• ABOUT THIS TASK:
Below are entries with pictures in them. Output exactly the lines starting at the line with "Por consecuencia de" and ending at the line with "Arnés anticaídas, casco", both included, but not the pictures.

• EXCERPTED RECORDS:
-.-.-
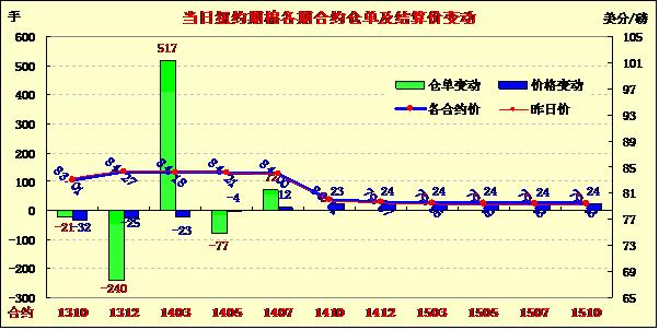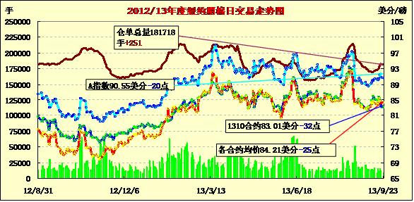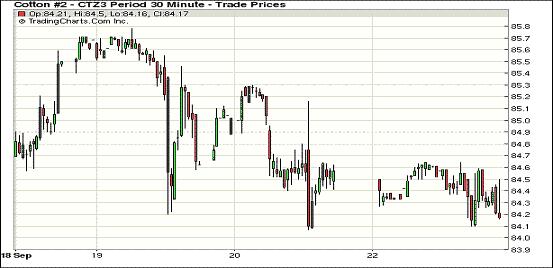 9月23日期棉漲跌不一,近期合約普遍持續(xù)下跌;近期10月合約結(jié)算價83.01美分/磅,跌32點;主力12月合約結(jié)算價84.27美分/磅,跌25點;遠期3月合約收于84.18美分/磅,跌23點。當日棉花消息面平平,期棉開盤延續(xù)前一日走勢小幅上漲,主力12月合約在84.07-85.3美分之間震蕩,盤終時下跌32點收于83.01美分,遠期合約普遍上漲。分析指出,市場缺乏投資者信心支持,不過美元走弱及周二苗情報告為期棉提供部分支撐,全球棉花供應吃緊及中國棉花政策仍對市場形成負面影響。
-.-.-
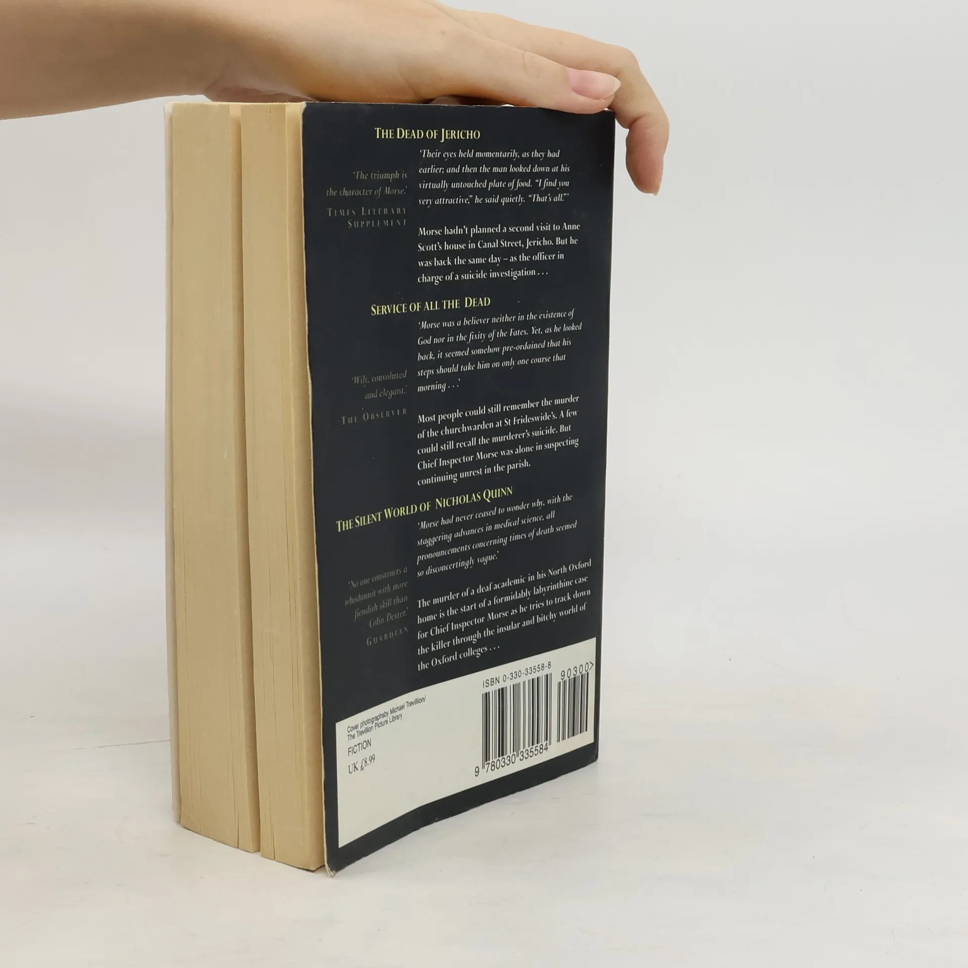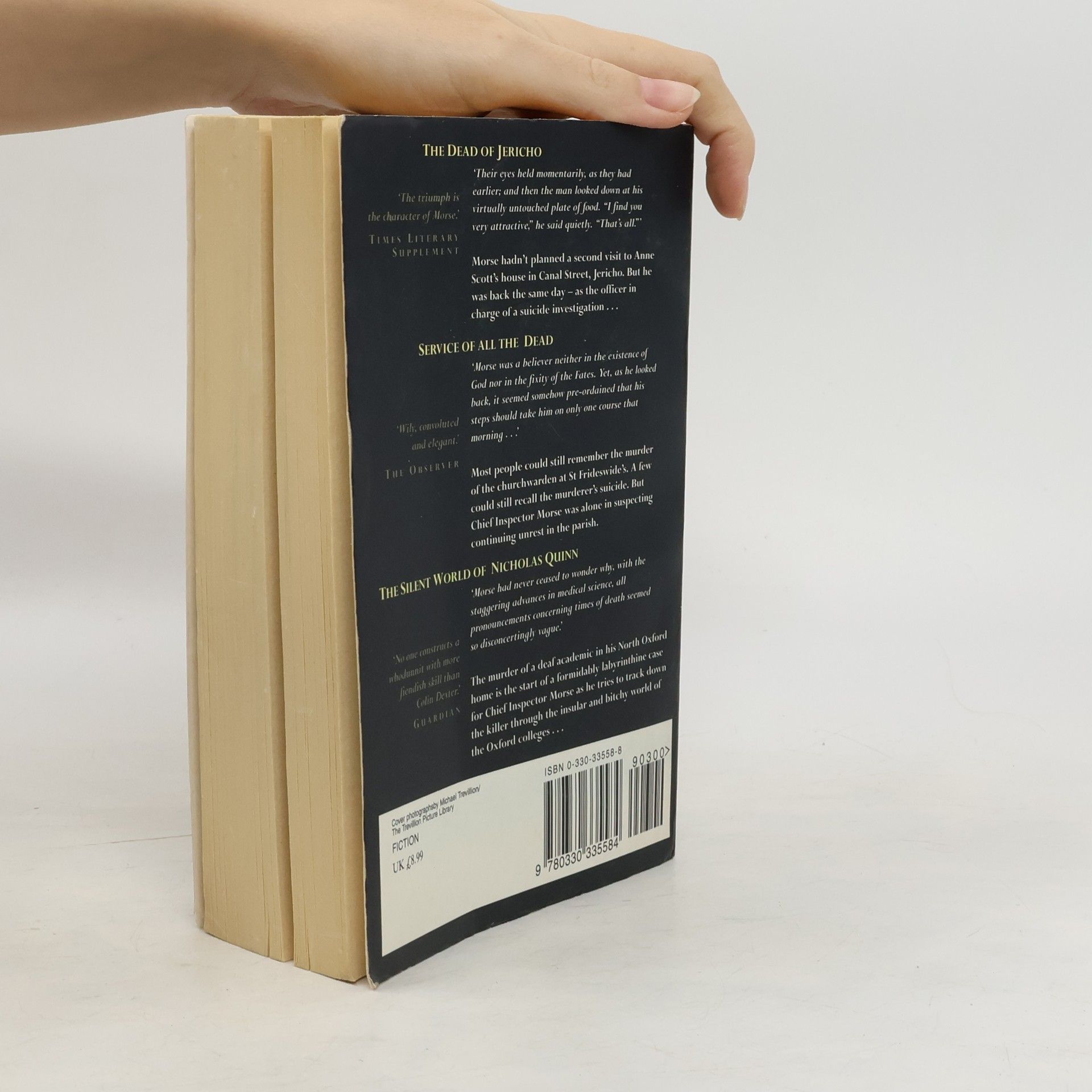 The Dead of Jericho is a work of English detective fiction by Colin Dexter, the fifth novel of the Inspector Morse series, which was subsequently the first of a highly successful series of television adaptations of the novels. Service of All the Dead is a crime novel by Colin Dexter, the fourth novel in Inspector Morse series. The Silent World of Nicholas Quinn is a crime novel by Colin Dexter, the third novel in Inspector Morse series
-.-.-
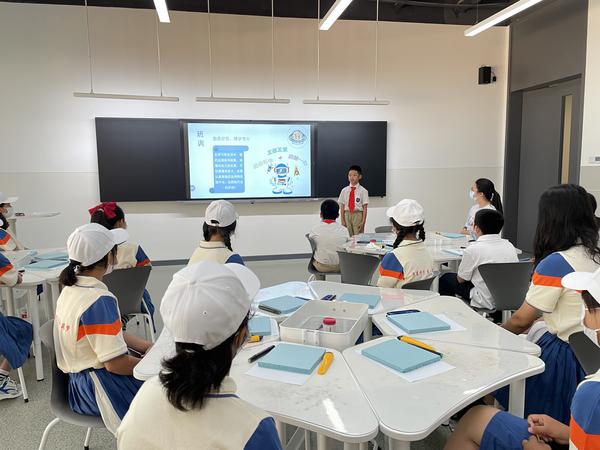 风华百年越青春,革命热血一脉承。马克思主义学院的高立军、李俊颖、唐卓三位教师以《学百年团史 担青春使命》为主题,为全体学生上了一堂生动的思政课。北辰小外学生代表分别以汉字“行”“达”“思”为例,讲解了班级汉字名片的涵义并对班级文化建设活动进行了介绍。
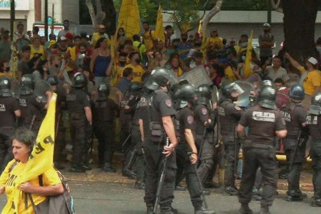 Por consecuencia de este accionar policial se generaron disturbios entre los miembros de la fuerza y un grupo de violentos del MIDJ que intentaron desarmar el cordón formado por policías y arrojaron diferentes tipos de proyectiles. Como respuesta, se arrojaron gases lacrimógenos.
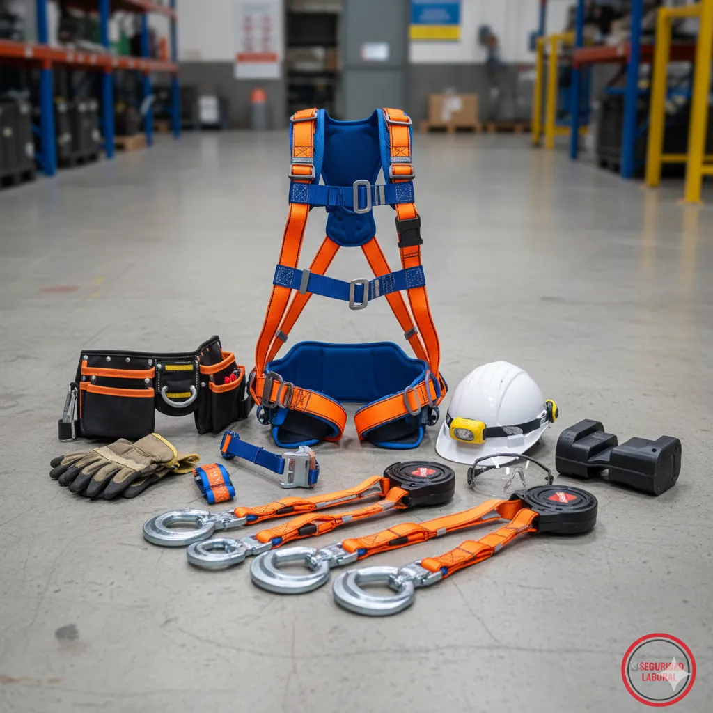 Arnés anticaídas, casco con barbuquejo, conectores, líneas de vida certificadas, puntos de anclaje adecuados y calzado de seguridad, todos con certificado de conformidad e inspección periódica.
-.-.-
• SOLUTION BELOW:
 Por consecuencia de este accionar policial se generaron disturbios entre los miembros de la fuerza y un grupo de violentos del MIDJ que intentaron desarmar el cordón formado por policías y arrojaron diferentes tipos de proyectiles. Como respuesta, se arrojaron gases lacrimógenos.
 Arnés anticaídas, casco con barbuquejo, conectores, líneas de vida certificadas, puntos de anclaje adecuados y calzado de seguridad, todos con certificado de conformidad e inspección periódica.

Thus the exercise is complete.